The operator is intensifying its transition to gas-powered infrastructure to protect network operations from Nigeria’s deepening energy challenges.
Sustained increases in energy costs could trigger a 2% margin decline, says the operator, underscoring mounting pressure despite surging data demand.
MTN Nigeria consumes more than 40 million litres of diesel yearly to power thousands of base stations, data centres and switching facilities nationwide, according to industry estimates.
In its latest sustainability report, diesel accounted for 58.11% of the company’s total energy consumption in 2025, far ahead of gas-powered sources at 23.63% and grid electricity at 18.04%. Renewable energy contributed only 0.05%, highlighting the sector’s continued dependence on fossil fuels amid unstable electricity supply.

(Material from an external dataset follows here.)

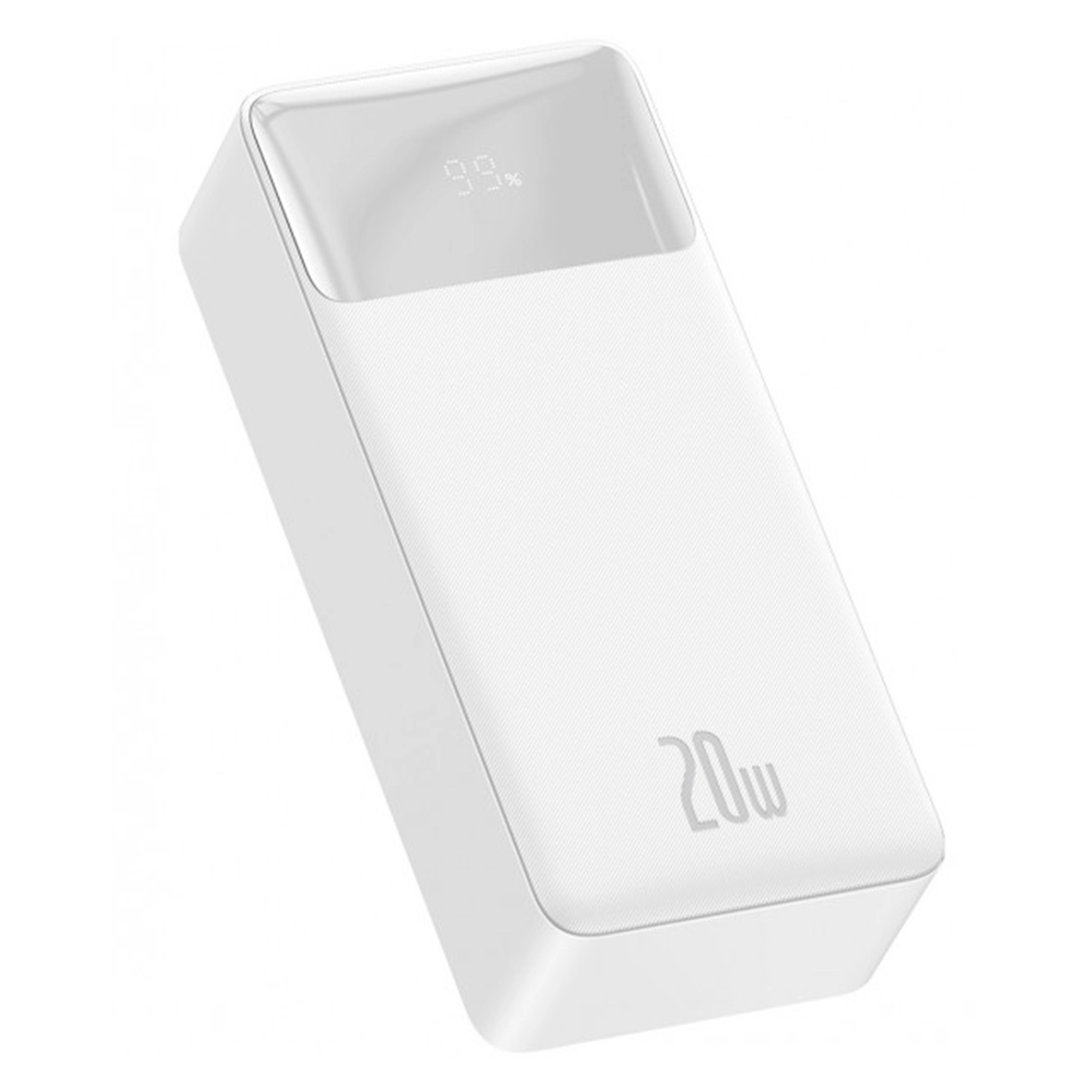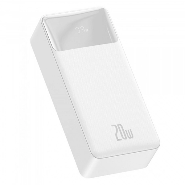 Baseus Bipow Digital Display Power bank 30000 mAh 20W White – современный емкий павербанк с информативным дисплеем, большим количеством разъемов и поддержкой различных технологий быстрой зарядки. Такой павербанк отлично подойдет для повседневно использования благодаря наличию различных интерфейсов, поддержке быстрой зарядки и компактному размеру.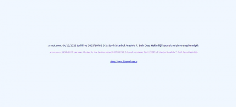Bilgi Teknolojileri Kurumu (BTK) tarafından paylaşılan bilgilere göre Armut, 04/12/2025 tarihli ve 2025/10762 D.İş sayılı İstanbul Anadolu 7. Sulh Ceza Hakimliği kararıyla erişime engellendi.

The company’s Scope 1 and Scope 2 emissions rose by 4.8% in 2025 due largely to increased diesel usage and continued network expansion, says Karl Toriola, CEO of MTN Nigeria.
He went on to say energy reliability has become critical to sustaining service delivery as the operator deepens investments in cloud services, fintech and data centre infrastructure.
Energy accounts for up to 40% of telecom operating costs in Nigeria, with operators increasingly exposed to fuel price volatility and weak grid infrastructure, research from the Association of Licensed Telecommunications Operators of Nigeria shows.
MTN nearly doubled capital expenditure to N390.3 billion ($278.8 million) in the first quarter of 2026. This was driven partly by investments in alternative energy systems, including gas and solar-hybrid solutions aimed at reducing diesel dependence.